Víctor Villalón

Personal information
- Full name: Víctor Eduardo Villalón Bernal
- Date of birth: 25 October 1950 (age 75)
- Place of birth: Maitenes, Puchuncaví, Chile
- Position: Defender

Youth career
- Everton
- José 'Peta' Fernández

Senior career*
- Years: Team / Apps / (Gls)
- 1968–1971: Enami de Concón
- 1970: Concón (city team)
- 1970: Quintero (city team)
- 1971–1973: Antofagasta Portuario / 61 / (0)
- 1974: Jorge Wilstermann
- 1975: Aurora /  / (9)
- 1975–1976: Jorge Wilstermann
- 1977–1979: Deportivo Bata
- 1980–1982: Jorge Wilstermann
- 1983: Blooming
- 1984–1986: Jorge Wilstermann

International career
- 1977: Bolivia / 2 / (0)

Managerial career
- 1992–1994: Metalsan
- Esparta
- 1999–2000: Deportivo San Pedro
- 2011–2012: Real Mamoré (assistant)
- Funika U19

= Víctor Villalón =

Bolivian footballer

Víctor Eduardo Villalón Bernal (born 25 October 1950) is a former football defender who played for clubs in Chile and Bolivia. Born in Chile, he represented Bolivia internationally.

==Club career==
===Early career===
Born in Maitenes, Puchuncaví, Chile, as a youth player, Villalón was with Everton de Viña del Mar playing as a forward.

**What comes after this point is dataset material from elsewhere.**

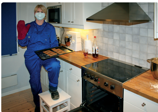
Fig. 135 Tenk sikkerhet. Bruk verneutstyr ved steking.

Because of long trips to train with them, he switched to club José 'Peta' Fernández in his hometown.

===In Chile===
At the age of seventeen, he joined club Enami from Concón, winning the title of the second division of 1968 Campeonato Regional Central (Central Regional Championship) and staying with them until 1971. In 1970, he took part of the teams of both Concón and Quintero in the qualifiers for the 1970 ANFA national championship in Santa Cruz, qualifying and reaching the third place in the tournament with Quintero.

In 1971, he joined Antofagasta Portuario with Paco Molina as coach and Luis Hernán Álvarez as sport manager, taking part of the squad for three seasons in the Chilean top division.

===In Bolivia===
In 1973, as a player of Antofagasta Portuario, Villalón faced Jorge Wilstermann in Bolivia. In 1974, he left Chile and joined the Bolivian club for the 1974 Copa Libertadores, coinciding with his compatriot Hugo Bravo. He was in three other stints with them: in the second half of 1975, 1980 to 1982 and 1984 to 1986, winning the league titles in 1980 and 1981. In 1980, he coincided with the successful Brazilian player Jairzinho.

In the first half of 1975, he played for Aurora, becoming the runner-up in the regional championship of Cochabamba having scored nine goals and taking part in the Copa Simón Bolívar.

In 1977, he joined Deportivo Bata in the first season of the Bolivian Primera División, staying with them until 1979.

In 1983, he played for Blooming, winning the league title of the top division, with the Chilean manager Raúl Pino.

He retired in 1986 as a player of Jorge Wilstermann after suffering an ACL injury in a match against Aurora.

==International career==
Naturalized Bolivian by residence in late 1974, Villalón represented the Bolivia national team in the Inter-confederation play-offs for the 1978 FIFA World Cup against Hungary, losing both matches. In the squad, another naturalized players took part: Arturo and Luis Galarza, brothers from Paraguay and René Domingo Taritolay, Héctor Horacio Auad and Luis Bastida from Argentina. Previously, he took part of another unofficial matches in Budapest, Hungary, and Düsseldorf, Germany.

He is the first Chilean to represent another country with no blood ties.

==Coaching career==
Subsequently, his retirement, he led club Metalsan, Esparta and Deportivo San Pedro from Cochabamba and was the assistant of Sergio Luna in Real Mamoré. At youth level, he has coached de under-19 squad of Fundación Intikallpanchis (Funika).

==Personal life==
Villalón is of Mapuche descent.

He married the Bolivian Martha Siles Revollo and they have three sons: Jorge, Diego and Víctor Jr.